FIG. 2 is a schematic structural diagram of a three-dimensional laser scanning module according to the present invention;
FIG. 3 is a schematic structural diagram of a three-dimensional image preprocessing module according to the present invention;
FIG. 4 is a flow chart of wireless communication of the remote face recognition module of the present invention;
FIG. 5 is a schematic diagram of a remote face recognition module of the present invention;
FIG. 6 is a flow chart of feature extraction for the remote face recognition module of the present invention;
description of reference numerals:
1: a three-dimensional laser scanning module;
2: a three-dimensional image preprocessing module;
3: a face model training module;
4: an interaction identification module;
5: a remote face recognition module;
1-1: a face cutting unit;
1-2: an attitude correction unit;
2-1: a two-dimensional multimedia target image feature extraction unit;
2-2: and a three-dimensional multimedia visual target image unit.
Detailed Description
The technical solutions in the embodiments of the present invention will be clearly and completely described below with reference to the drawings in the embodiments of the present invention, and it is obvious that the described embodiments are only a part of the embodiments of the present invention, and not all of the embodiments. All other embodiments, which can be derived by a person skilled in the art from the embodiments given herein without making any creative effort, shall fall within the protection scope of the present invention.

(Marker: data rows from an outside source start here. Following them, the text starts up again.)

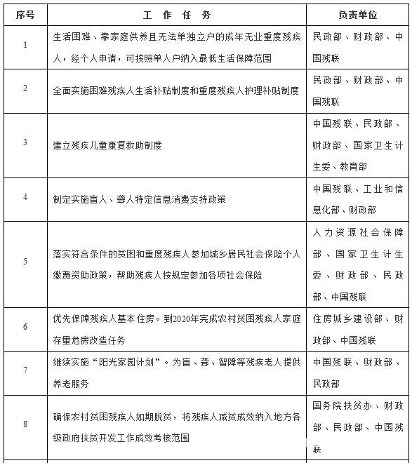 1.确保农村贫困残疾人如期脱贫。制定实施《贫困残疾人脱贫攻坚行动计划(2016—2020年)》。将农村贫困残疾人全部纳入精准扶贫建档立卡范围,强化分类施策和精准帮扶,政策、项目向贫困残疾人倾斜。加强实用技术培训、社会化生产服务和金融信贷支持,充分发挥农民专业合作社、龙头企业和残疾人扶贫基地的辐射带动作用,确保农村贫困残疾人家庭至少参与一项养殖、种植、设施农业等增收项目。有序组织农村残疾人转移就业。在资产收益扶贫工作中,财政专项资金形成的资产可折股量化优先配置给贫困残疾人家庭。积极引导贫困残疾人家庭采取土地托管或林权、农村土地承包经营权入股等方式,实现家庭资产增值增收。第一书记等驻村干部要将残疾人贫困户作为重点帮扶对象,选好配强帮扶责任人。将残疾人减贫成效纳入地方各级政府扶贫开发工作成效考核范围。持续实施“农村基层党组织助残扶贫工程”,依托“光伏扶贫”、“农家书屋”、“农村电商”等项目搭建社会力量参与残疾人扶贫开发平台。
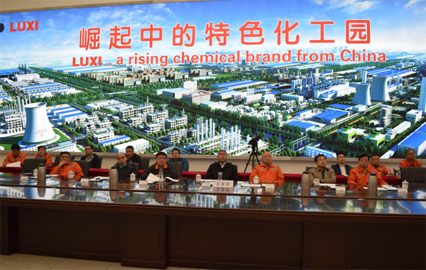 領(lǐng)導(dǎo)一行首先參觀了園區(qū)生產(chǎn)裝置、項目建設(shè)現(xiàn)場和實訓(xùn)科研基地,聽取了近年來集團(tuán)在新舊動能轉(zhuǎn)換、化工裝備制造業(yè)壯大發(fā)展、員工培訓(xùn)教育、智慧化工園區(qū)建設(shè)等方面的情況介紹,并深入到尼龍6產(chǎn)品庫房、聚碳酸酯包裝廠房進(jìn)行了實地參觀,高局長對集團(tuán)逐步實現(xiàn)由傳統(tǒng)化肥向基礎(chǔ)化工,由基礎(chǔ)化工向化工新材料的轉(zhuǎn)型,以及“一體化、集約化、園區(qū)化、智能化”的發(fā)展模式和取得的成績給予了充分肯定。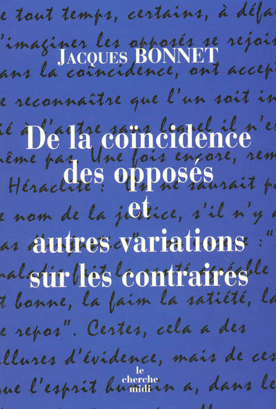 (la coïncidence des opposés) apparaît à travers les âges chez des auteurs aussi différents qu'Héraclite, Nicolas de Cuse, Giordano Bruno ou Jacques Derrida. Il consiste, pour le résumer simplement, à considérer qu'à un certain niveau d'approche les choses et leur contraire s'équivalent. Ainsi une toupie lancée à pleine vitesse semble immobile, le froid extrême donne une impression de chaleur, et pour certaines mystiques, la vie et la mort sont égales. Ou bien encore, en rhétorique, l'ironie permet de dire à la fois une chose et son contraire. Ce concept parcourt la culture occidentale depuis plus de vingt-cinq siècles, mais de manière souterraine, ou pour exprimer l'inexprimable de la mystique religieuse ou amoureuse.
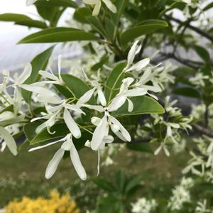 ナンジャモンジャの花 ヒトツバタゴ(一つ葉タゴ)が別名なんだけど、どちらにしてもインパクト有り過ぎなお名前😊 対馬と、東濃と犬山(木曽川流域)しか自生してないレッドデータブックに載っちゃう植物です。でもこれは、鵜沼駅の植樹です。見頃ですよ!

The technical solution of the present invention is further described with reference to the following specific examples.
Examples
As shown in fig. 1, the artificial intelligence recognition apparatus based on big data provided by the present invention includes: the system comprises a three-dimensional laser scanning module 1, a three-dimensional image preprocessing module 2, a face model training module 3, an interactive recognition module 4 and a remote face recognition module 5.
The three-dimensional laser scanning module 1 acquires face information data through a micro-dimensional scanner, and the face information data usually contains redundant information such as hair and shoulders which are irrelevant to face recognition besides a face. In order to reduce the operation amount and improve the recognition rate, the three-dimensional face point cloud is preprocessed at the same time; the pretreatment comprises the following steps: face cutting and posture correction.
The three-dimensional image preprocessing module 2 is used for extracting the three-dimensional multimedia visual target image characteristics by analyzing the two aspects of the extraction of the visual two-dimensional multimedia visual target image characteristics and the generation of the three-dimensional multimedia visual target image change characteristics; and constructing a sparse representation algorithm-based model, limiting the minimum value of a target function by using gradient projection, optimizing the gradient direction to obtain a sparsely represented identification visual image, and realizing artificial intelligent identification of the three-dimensional multimedia visual image.
The face model training module 3 is used for providing the algorithm in opencv2.4.9 based on the OpenCV technology, and the trained model can be obtained only by classifying faces in a database according to different people, respectively reading in the faces and calling an OpenCV internal function.
And the interactive identification module 4 is used for inputting the face information data and identifying.
The remote face recognition module 5 is used for transmitting data to the host computer through a wireless channel by using NI USRP equipment; the host receives the data of the slave from the connected NI USRP, performs data processing and face recognition in a LabVIEW development environment, and finally feeds back the recognized identity information to the slave.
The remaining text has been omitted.